Model Validation¶
In this section you will find a comparison of the different YOLO models on how well they perform in the object detection. The YOLO models to be evaluated are YOLOv5s, YOLOv5m, YOLOv5l and YOLOv5x. The models are evaluated on a custom dataset consisting of custom video recordings. Thus, we want to investigate which of the four YOLO models might be best suited in the detection of traffic objects.
Dataset¶
As mentioned above, the dataset consists of different video recordings capturing different traffic scenes. Thus, the video recordings are turned into datasets that will be used to evaluate the object detection models. It is important to note that not every single frame is selected, but only every \(n\)-th frame where \(n \in \mathbb{N}\) and \(n\) is arbitrarily chosen by the user.
Here is how the scenes look like:
Scenes | |||
---|---|---|---|
As seen above, there are two instances where scenes were also recorded at night.
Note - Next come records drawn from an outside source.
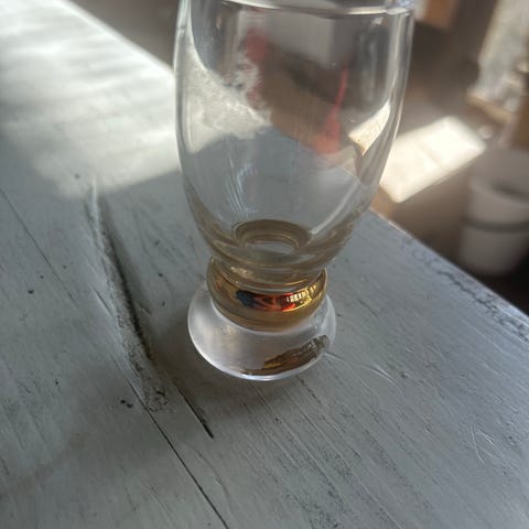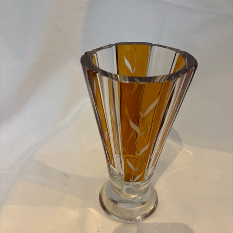 Delvis frostet glass. Høyde 15 cm, bredde 9 cm. Signert og i flott stand.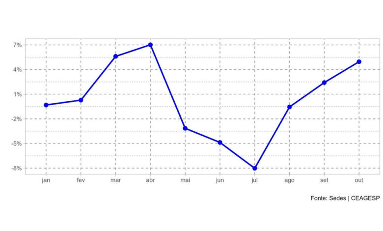 – O índice de preços CEAGESP encerrou o mês de outubro com variação de 4,96% ante uma variação de 2,42% no mês anterior. No mesmo período do ano passado, o índice apresentou variação de 6,74%. Com o resultado obtido, o índice encerrou o período apresentando um acumulado de 2,37% no ano e 9,29% em 12 meses.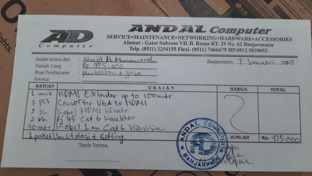 Biaya Perangkat dan Jasa install kabel TV display di ruang belakang tangga masjid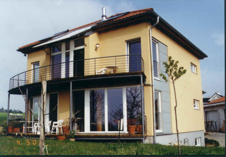 Gebäude mit kontrollierter Lüftungsanlage; Lüftungsgerät mit Erdwärmetauscher; Lüftung dient auch zur Kühlung im Sommer- eingeblasene Frischluft ist im Sommer um ca.:10 Grad C kühler als Außentemperatur; Energieverbrauch: weniger als 60 kWh pro Jahr u. m² Nutzfläche; mit einer Biomasseanlage wurde vom Freistaat Thüringen gefördert. |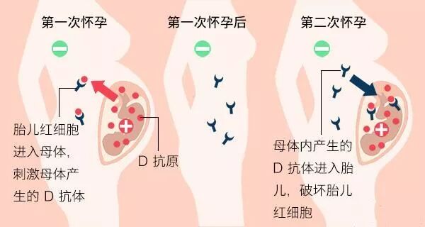 这是因为胎儿红细胞经胎盘失血进入母体循环中,被母体脾脏的巨噬细胞所吞噬,经较长时间才能释放出足够量的抗原,此抗原抵达脾脏淋巴细胞的相应抗原受体而产生Rh抗体,此种初发免疫反应发展缓慢,常历时2个月以上甚至6个月,所产生的抗体常较弱,并系IgM性质,这种IgM抗体分子量较大是五聚体,不能通过胎盘。第一胎娩出时仅处于初发免疫的潜伏期。当发生原发免疫反应后,再次怀孕,即使经胎盘失血量很少亦能很快地发生次发免疫,而且产生的抗体是IgG性质的抗体并迅速上升,这种抗体是唯一能通过胎盘的抗体。所以如果RhD阴性女性有过输血史或妊娠史,就有可能会产生RhD血型抗体,产生抗体的概率大概是2/3。这些产生了RhD抗体的女性如果再次怀孕,抗体就会通过胎盘进入胎儿的血液循环,如果宝宝是个RhD阳性宝宝,就会破坏胎儿的红细胞,与胎儿红细胞发生抗原-抗体免疫反应,使胎儿红细胞受到破坏,出现不同程度的溶血,也就是出现大家熟知的母婴血型不合引起的胎儿或新生儿免疫性溶血性疾病。这种疾病的严重程度可能导致孕妇流产或胎儿水肿、肝脾肿大、贫血、黄疸,如果产生核黄疸可引起严重后遗症,甚至死亡。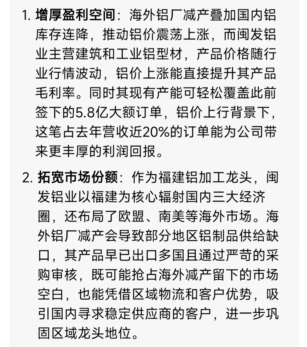 $闽发铝业(SZ002578)$ 闽发这波必破9块历史前高,区域龙头,还是行业领先企业,十五五重点规划产业,是比亚迪托盘的独家供应商,加上国际两大铝厂一个停产,一个即将停产,必将带来铝业的严重稀缺,就连用于新能源的铜业都大涨了不少,铝业更是新型产业不可缺少的一部分。再一个,就目前闽发已经轻松签了5.8亿的大型订单,国外减产后对闽发来说是一个非常重大的利好信号,铝业的稀缺肯定会导致铝业的毛利大增,铝业的稀缺也会带来国内国外更多的订单,加上福建板块最近强的可怕,加上福建的绝对铝业龙头地位,拿着必破新高,破了新高还有新高,家人们都懂!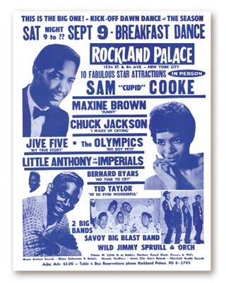 An all night to dawn "Breakfast Dance" at the Rockland Palace in Harlem, New York featuring Sam Cooke, Maxine Brown, Chuck Jackson, Jive Five, The Olympics, Little Anthony of the Imperials, and others appearing on September 9. EX-NRMT. 8.5x11".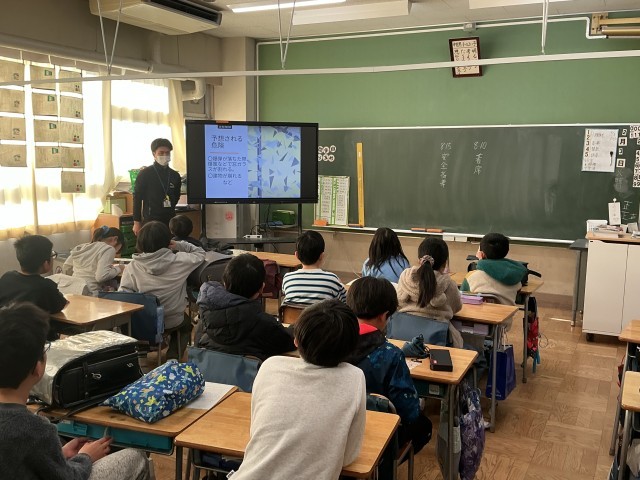 今朝は全学級で安全指導を行いました。この安全指導は、実際に避難をする毎月の避難訓練と、いざという時にどう対応するかを教室で学ぶ安全指導とをリンクさせることで、より安全な避難方法を知る意味も込めて行っています。今日は「Jアラート発令時」の対応の仕方を学びました。

This makes it interesting to see how the YOLO models perform in detecting traffic objects in low light conditions.
The class labels to be considered for our evaluation of the YOLO models are:
- person
- bicycle
- car
- motorcycle
- bus
- truck
Evaluation Procedure¶
The YOLO models are evaluated with the help of OTValidate. As a prerequisite, what OTValidate needs in order to start the evaluation are the YOLO models and the labeled ground truth data. In our case the ground truth labeled data is our custom dataset, which needs to be in the CVAT YOLO format. As for the YOLO model, a custom trained or an existing model can be loaded into OTValidate.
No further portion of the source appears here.